O tom era o Bom Negro. Apesar de ser atormentado, insultado, açoitado, caçado com cães, ele permanecia bondoso e submisso aos seus donos, emergindo como um herói para as platéias brancas. Em 1903, Edwin S. Porter realizou a primeira versão cinematográfica de “Uncle Tom’s Cabin” (A Cabana do Pai Tomás), mas o primeiro tom que chamou atenção foi interpretado pelo ator do teatro, Sam Lucas na quarta versão do romance de Harriet Beecher, dirigida por William Robert Daly em 1914. Como Pai Tomás, Lucas foi o primeiro homem negro a interpretar um papel principal no cinema. Mais tarde, em 1927, outro ator negro, James B. Lowe, seria contratado para estrelar o filme da Universal, A Cabana do Pai Tomás / Uncle Tom’s Cabin, dirigido por Harry Pollard. Posteriormente, tom seria representado na tela por atores como Bill Robinson, Eddie Anderson e Clarence Muse.

Bill “Bojangles” Robinson e Shirley Temple em A Mascote do Regimento

Neto de escravos, Bill “Bojangles” Robinson era um sapateador que, oriundo do vaudeville, se tornou figura muito popular depois de dançar com Shirley Temple descendo uma escadaria em A Mascote do Regimento / The Little Colonel / 1935 e depois, em A Pequena Rebelde / The Littlest Rebel / 1935, ele foi um típico tom como o seu guardião, a primeira vez em que um criado negro ficou responsável por uma vida branca. Fred Astaire considerava-o o maior dançarino de todos os tempos.

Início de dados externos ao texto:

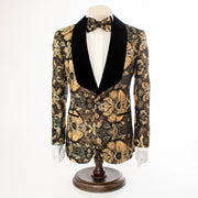 Black Detailed Floral Regular-Fit Jacket With Shawl Lapels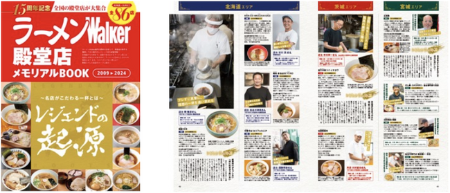 15周年特別企画では、これまでのラーメンWalkerグランプリにおいて殿堂店の称号を獲得した、全国86の名店を総覧できるメモリアルブックを収録。北海道から九州まで、各エリアを代表する店主が大切にしている信念やリスペクトする一杯を熱く語るインタビューのほか、レジェンド店主の生年月日や出身地、職人歴など、ラーメンファン垂涎のマニアックな情報も掲載した保存版です。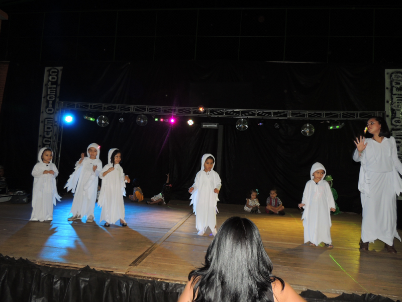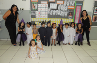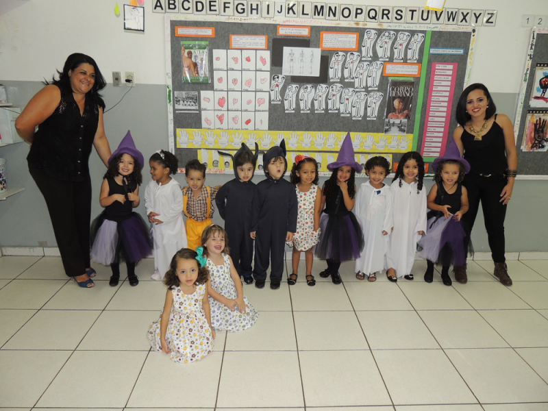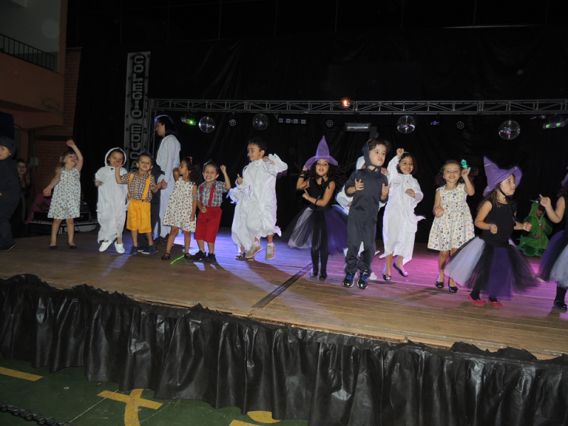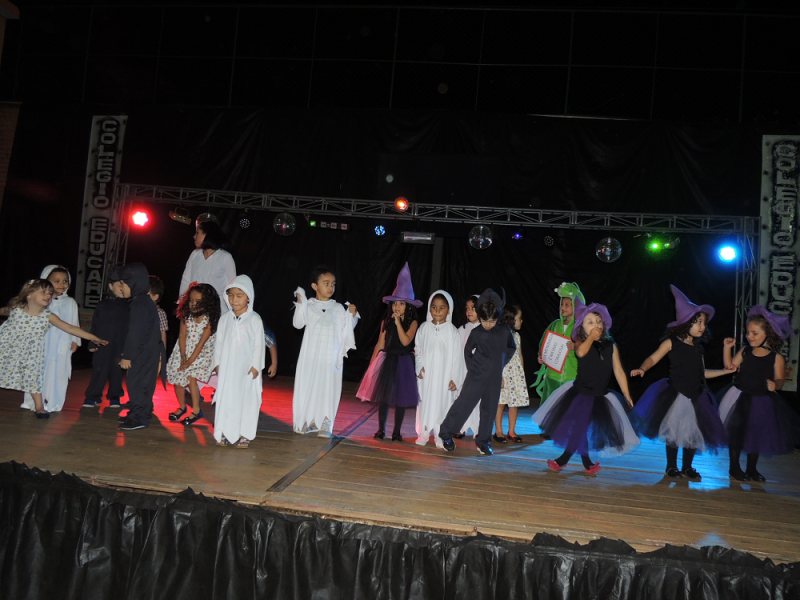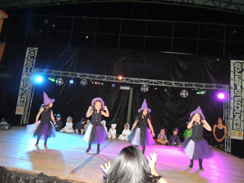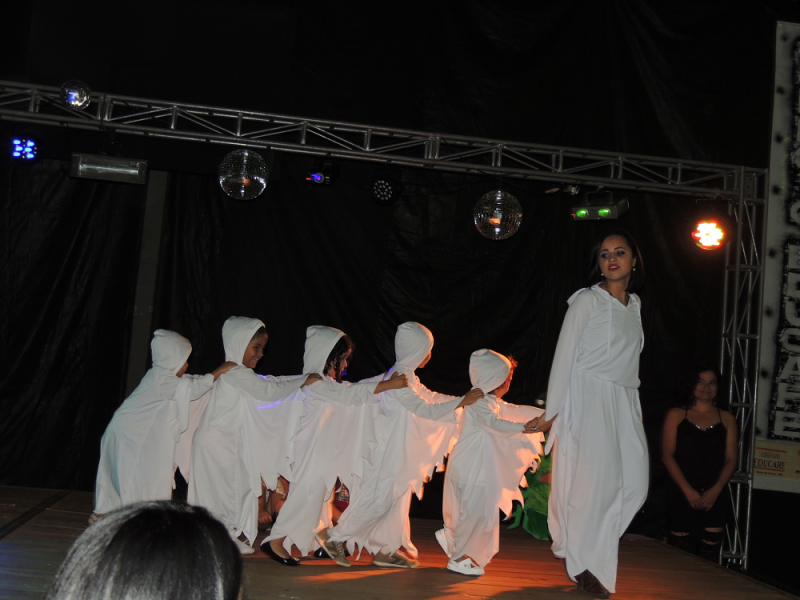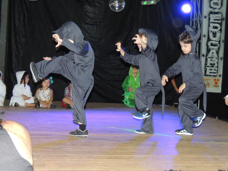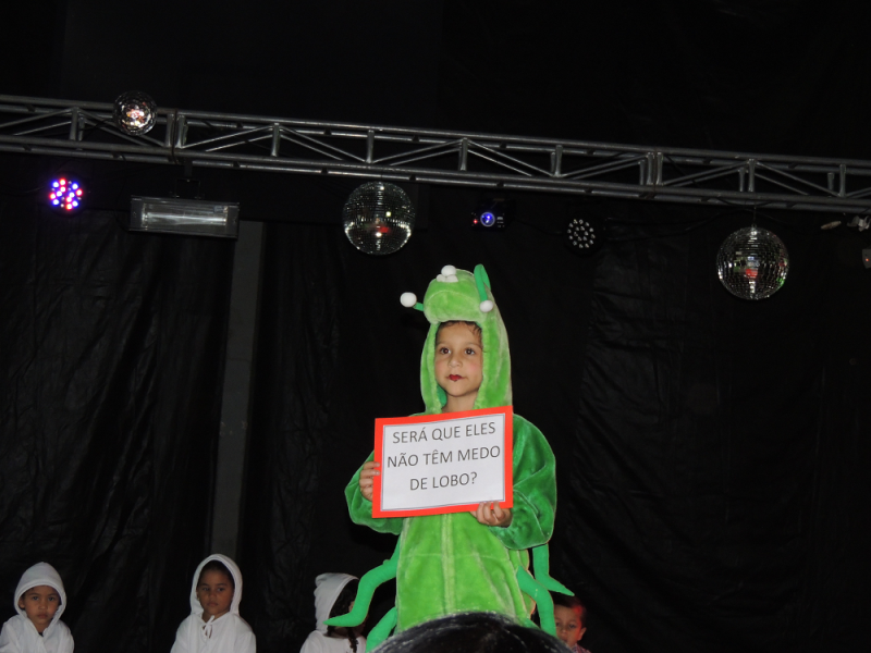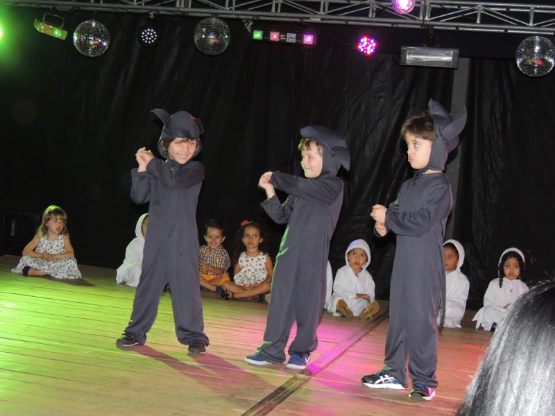 Você tem medo de que? De bruxa, de lobo, de fantasma? Você tem medo de que? Com alegria de criança e responsabilidade de gente grande os alunos do Maternal subiram ao palco na Mostra de Arte para registrar alguns de seus medos por meio da música e da dança. O livro com reconto de um conto de fadas e a linda pintura na caixa com o jogo de quebra cabeça mostraram aos visitantes do evento o quanto “grande” podem fazer essas crianças ainda tão “pequenas”.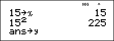 L permet de stocker des valeurs dans des variables. Appuyez sur L pour stocker une valeur, puis sur z pour sélectionner la variable dans laquelle vous voulez stocker cette valeur. Appuyez sur < pour stocker la valeur dans la variable sélectionnée. Si cette variable contient déjà une valeur, celle-ci est remplacée par la nouvelle valeur.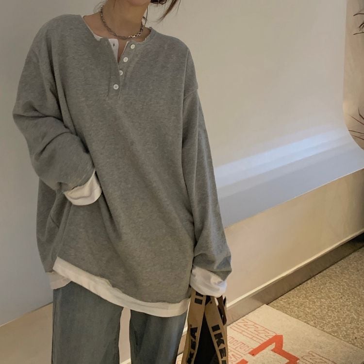 ヘンリーネックと重ね着風のデザインが、さりげなくおしゃれな着こなしを叶えます。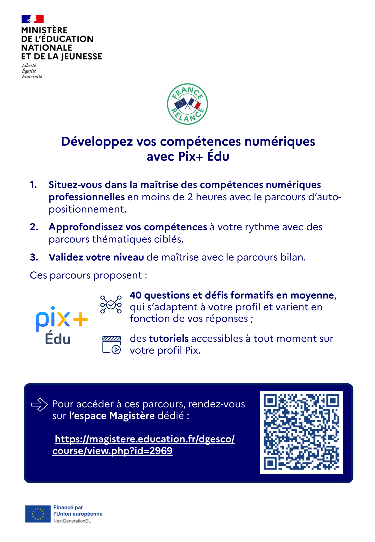 « L’auto-formation sur PIX+ Édu n’est pas évidente et le découragement vous guette ? Vous voudriez avoir davantage d’informations sur le dispositif et les possibilités qu’il offre ? N’hésitez pas à rejoindre le parcours Magistère régional/ Vous y trouverez toutes les informations utiles sur et pendant la certification PIX+Édu, ainsi que des espaces d’échanges en fonction des étapes de sa préparation. Par ailleurs, je reste disponible pour tout renseignement complémentaire »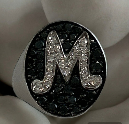 Initial M Chevalier Ring in 18 Kt White Gold and Diamonds Crivelli 303-334-M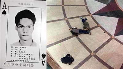 去年12月4日晚,一名男子在广州市荔湾广场跳楼企图自杀,却砸死路人。跳楼男子被救活后,被发现竟然是射伤警察后逃亡17年的悍匪、公安部B级通缉犯“黑桃A”——林锦成。10月12日,林锦成在广州中院受审,检方指控其犯抢劫罪、故意伤害罪、抢夺枪支罪和过失致人死亡罪4项罪名。

Ethel Waters,Kenneth Spencer, Eddie  “Rochester Anderson”, Lena Horne e Rex Ingram em Uma Cabana no Céu

Eddie “Rochester” Anderson veio também do vaudeville e se transferiu primeiramente para o rádio, onde iniciou sua participação como Rochester van Jones, o mordomo de Jack Benny no seu programa na NBC. No cinema, foi visto mais notadamente como Noah em Mais Próximo do Céu / Green Pastures / 1936, como o criado de Bette Davis em Jezebel / Jezebel / 1938, e em um raro papel principal como “Little Joe” Jackson no musical com elenco só de artistas negros, Uma Cabana no Céu / Cabin in the Sky / 1943.

Clarence Muse

Clarence Muse, marcou sua presença primeiramente em Hearts in Dixie / 1929,  interpretando Uncle Napus e depois quando apareceu em Mocidade Feliz / Huckleberry Finn / 1931 como Nigger Jim e em A Vitória Será Tua / Broadway Bill / 1934 como Withey, o amigo de Warner Baxter no seus empreendimentos turfísticos.  Nos meados da década de 30, deixou de lado momentaneamente os toms que representava tão bem e apareceu como Cato, o líder de escravos rebeldes em Noivado na Guerra / So Red the Rose / 1935; porém depois voltou aos toms em Magnólia / Show Boat / 1936 e muitos outros filmes.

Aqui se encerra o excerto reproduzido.